### Exercise objective
The listing below begins with the first line you should copy; stop after the line containing "Su estructura ligera", and drop every picture.

☆ ☆ ☆ ☆ ☆

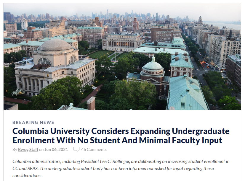 哥伦比亚大学校长 Lee Bollinger 在对教职工的讲话中表示,尽管他不会在“没有认真考虑其是否必要”的情况下赞同扩招,但他认为学校有义务培养尽可能多的优秀学生。
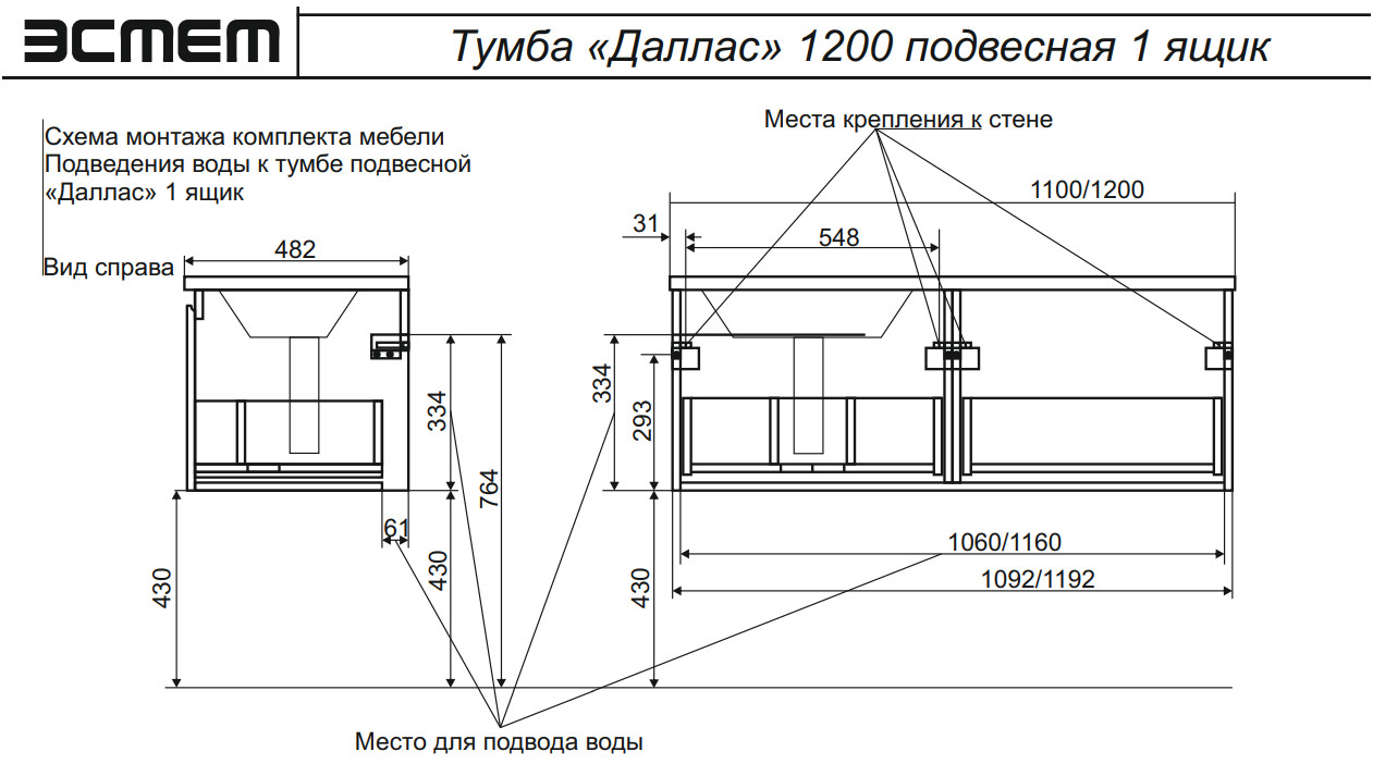 - Тумба с раковиной слева Dallas Luxe 1100 навесная 1 длинный ящик
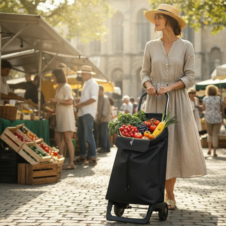 Su estructura ligera de aluminio y sus dos ruedas resistentes garantizan un desplazamiento suave y seguro, mientras que su diseño plegable facilita guardarlo en casa o en el coche cuando no lo necesitas. La bolsa amplia, con cierre ajustable y solapa protectora, permite transportar tus compras, ropa o cualquier objeto de forma cómoda y segura.
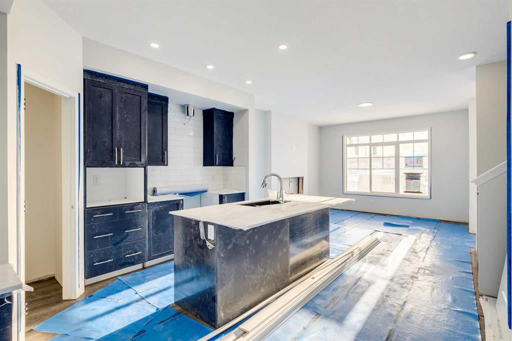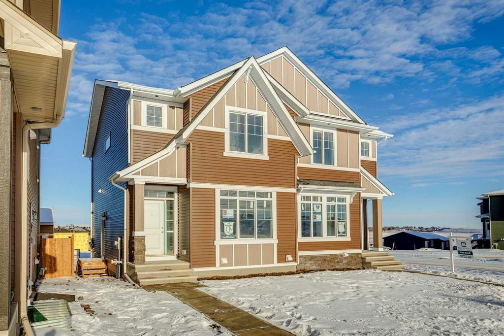 Welcome to this modern Morrison Homes 3-bedroom duplex in the sought-after community of Glacier Ridge. The main floor offers an inviting living area with an electric fireplace, knock-down ceilings, vinyl flooring, and a stylish kitchen complete with a central island, pantry, quartz countertops, a built-in microwave, and a fridge with a water line. A half bath on this level provides added convenience for guests. Upstairs features three generous bedrooms including the primary bedroom with its own 4-piece ensuite, plus a second 4-piece bathroom and a convenient laundry area. The basement includes a separate side entrance, a 9’ foundation, and rough-ins for a future suite (a secondary suite would be subject to approval and permitting by the city/municipality) offering excellent potential for added living space or income generation. Outside, you’ll find a deck with a built-in gas line for your BBQ, plus a gravel parking pad providing easy off-street parking. Glacier Ridge Village is expected to open in 2026 and will feature a skating ribbon, walking paths, basketball courts, an all-ages playground, spray park, tennis court, ice rink, patio spaces, firepit, and a toboggan hill. Inside, residents will enjoy a gymnasium, rentable rooms for programs and private events, banquet space, and welcoming seating and gathering areas. Located in one of Calgary’s newest and most desirable communities, this home blends modern comfort with exceptional future amenities.
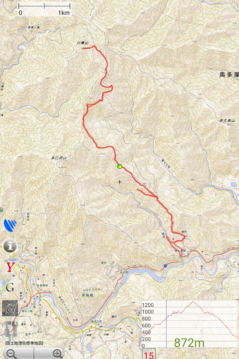 鳩ノ巣駐車場(08:35)→大根ノ山ノ神(09:23)→大ダワ(10:38)→舟井戸(11:32)→川苔山(11:59,12:32)→大ダワ(13:20)→大根ノ山ノ神(13:58)→鳩ノ巣駐車場(14:33)
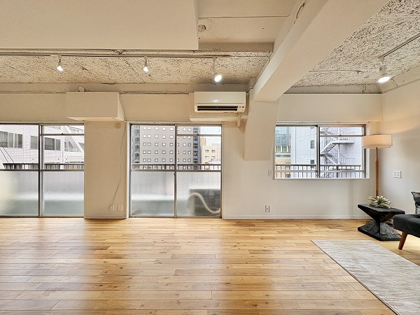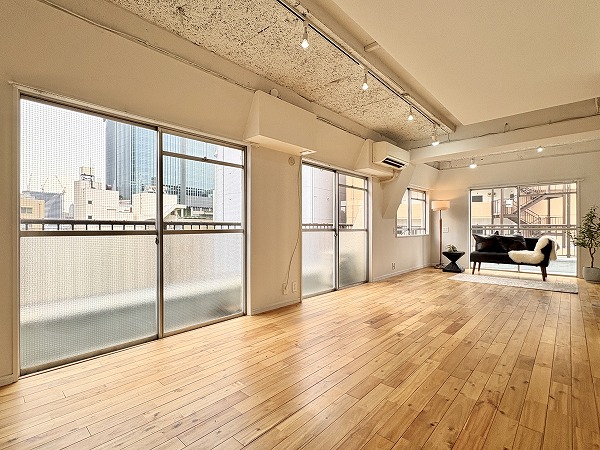 お部屋の広さは18.0帖ほど。南・東・西向きのため陽光が1日中差し込みます。2方面に窓が並び通風も抜群で、明るく快適な居心地。広々とした空間は、リラックスや在宅ワークにも最適です。

☆ ☆ ☆ ☆ ☆

### Written answer
 哥伦比亚大学校长 Lee Bollinger 在对教职工的讲话中表示,尽管他不会在“没有认真考虑其是否必要”的情况下赞同扩招,但他认为学校有义务培养尽可能多的优秀学生。
 - Тумба с раковиной слева Dallas Luxe 1100 навесная 1 длинный ящик
 Su estructura ligera de aluminio y sus dos ruedas resistentes garantizan un desplazamiento suave y seguro, mientras que su diseño plegable facilita guardarlo en casa o en el coche cuando no lo necesitas. La bolsa amplia, con cierre ajustable y solapa protectora, permite transportar tus compras, ropa o cualquier objeto de forma cómoda y segura.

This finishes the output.